Giorni selvagg by William Finnegan

Giorni selvagg by William Finnegan

autore:William Finnegan
La lingua: ita
Format: epub
Tags: surf, viaggio, New Yorker, Tavarua, Hawaii, Vite inattese, California
pubblicato: 2016-06-23T16:00:00+00:00


William Finnegan e Bryan Di Salvatore, Kirra, Australia, 1979

Da sinistra: Bryan, William e l’ecuadoregno José, Grajagan, Giava, 1979

7. Scegliere l’Etiopia Asia, Africa, 1979-81

A Bryan faceva schifo Bali. Scrisse un articolo per «Tracks» – lo firmammo tutti e due come sempre, anche se io avevo fatto solo un po’ di editing – in cui derideva l’idea, all’epoca molto in voga tra i surfisti australiani, che Bali fosse ancora un paradiso incontaminato di onde deserte e pacifici induisti locali. In realtà, scriveva Bryan, era infestata di surfisti e di altri turisti. Era un posto dove in spiaggia potevi «vedere europei di entrambi i sessi senza il pezzo di sopra né quello di sotto», «sentire le balle dei surfisti di tutto il mondo», «pagare un tizio per portarti la tavola e provare così la vertiginosa ebbrezza del colonialismo» e «far credere che sei di Cronulla mentre in effetti sei di Parramatta», un sobborgo di Sydney meno fico dell’altro.

Da parte mia non potevo negare che Bali fosse piena di gente, e che nel contrasto tra il turismo di massa e la miseria indonesiana ci fosse qualcosa di grottesco, ma mi piaceva lo stesso. Abitavamo in un losmen, una pensione pulita e molto economica a Kuta Beach, dove mangiavamo bene non spendendo praticamente niente e ogni giorno facevamo surf. Nella biblioteca di un college a Denpasar, il capoluogo della provincia di Bali, avevo trovato anche un bel posto per scrivere e ci andavo con l’autobus tutte le mattine. Era un luogo fresco e silenzioso in un’isola bollente e rumorosa. Il mio romanzo andava avanti come un treno. A mezzogiorno, fuori della biblioteca, arrivava un venditore ambulante con un carrettino turchese e quello era il segno che era ora di staccare. Serviva piatti di riso, minestra, dolci e satay facendoli passare dalle finestre aperte degli uffici del campus. Mi piaceva molto il suo riso fritto, il nasi goreng, come si chiama in indonesiano. Di pomeriggio, se c’erano onde, Bryan e io ci spingevamo sulla penisola di Bukit, dove un paio di grandiose sinistre rompevano su roccia calcarea.
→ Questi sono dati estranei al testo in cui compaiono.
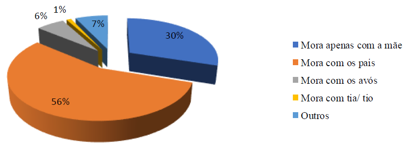 No cenário geral dos estudantes da escola, independente da nacionalidade, constata-se que mais da metade dos estudantes moram com seus pais, mas uma boa parcela (30%) mora somente com a mãe.

Le onde erano belle anche a Kuta, perfino in giornate in cui lo swell era debole, e in una zona turistica sulla costa orientale che si chiamava Sanur quando il vento soffiava da sud-ovest.

L’onda che mi aveva rubato il cuore però era una travolgente e già celebre sinistra che si chiamava Uluwatu. Si trovava sull’estrema punta sud-occidentale di Bukit. Proprio sul lato est della baia c’era un tempio induista dell’Undicesimo secolo, costruito con un corallo grigio e duro, appollaiato sul ciglio di un’alta scogliera. Si entrava in acqua con l’alta marea attraverso una grotta marina dalle acque sciabordanti. Uluwatu regalava onde giganti e nei giorni migliori, con una lieve brezza di terra, le loro lunghe pareti azzurre facevano una cosa che non avevo mai visto da nessun’altra parte. In punti distinti, e nettamente separati l’uno dall’altro lungo la linea dell’onda, si impennavano e spumeggiavano dolcemente in lontananza, più avanti rispetto a dove stavi surfando – centinaia di metri più in là, e a centinaia di metri dalla costa.